I was clearing out my inbox when I made the discovery. I came across an old notification from WordPress that Fr. Pat Moore had posted a new blog. It was the lovely piece that I have reprinted below. As soon as I read it I wanted to read more so I went to the his website and ……

you guessed it…..all gone.

It is apt that this essay is about birth, death and regrowth. Enjoy it.

There has been wonderful moonlight these last few nights. Go to the window in a darkened moonlight night and you see a shadowy reality outside, then turn on the light in the room and the world outside becomes totally dark. I remember John Moriarty making the point that in the same way we can be looking for answers to questions with the wrong search lights. If I want to see the fox passing in the night from my window,the light on in room won’t help. As John said,”It is with that that eclipses God that I seek God .” But God isn’t the fox that passes in the night!

Jim Kennelly tells me that when a kitten is born it’s blind for nine days. In the same way there are inside of all of us, huge awakenings. It’s as if we’re here to wake up as we begin to realise why we are on the planet at all. So that might be why we are here at all. We have to wake up from waking as Jim always says. “When your heart speaks,take notes.”

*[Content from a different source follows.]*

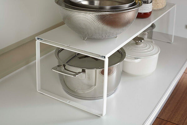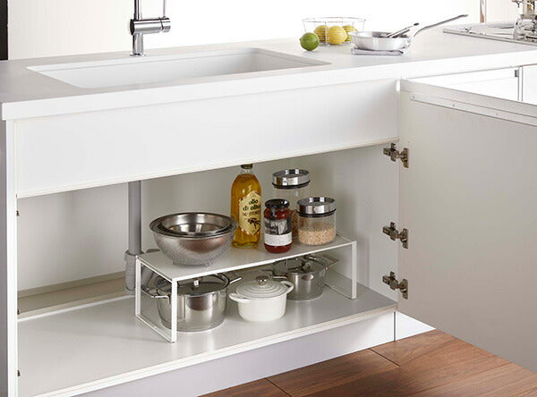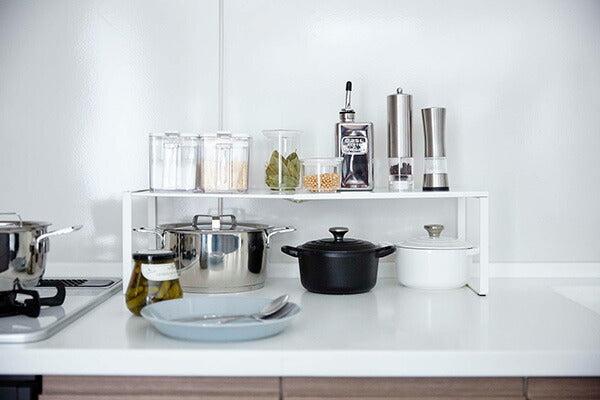 ●鍋やフライパンなどの大きなものから、調味料やラップなどの小さなキッチン小物まで収納できます。

Over fifty years ago alot of neighbours around here visited the friendly garden centre in Beale, Hannons, where famously they ‘sell every blooming thing.” The Hannon family introduced the countryside to the Asian plant  cordyline. Lots of these plants started to appear down Littor Road. There was one planted in our front garden. It grew over six feet high. Then when we got severe cold weather four years ago alot of the cordyline died, including the one in our garden. This spring when we cleared away the growth seven new trees have grown and are thriving. From the death of the old plant, new life, seven new plants! Is it any wonder Jesus used the image of the seed dying in the earth and from that comes forth new life when he explained the mystery of life?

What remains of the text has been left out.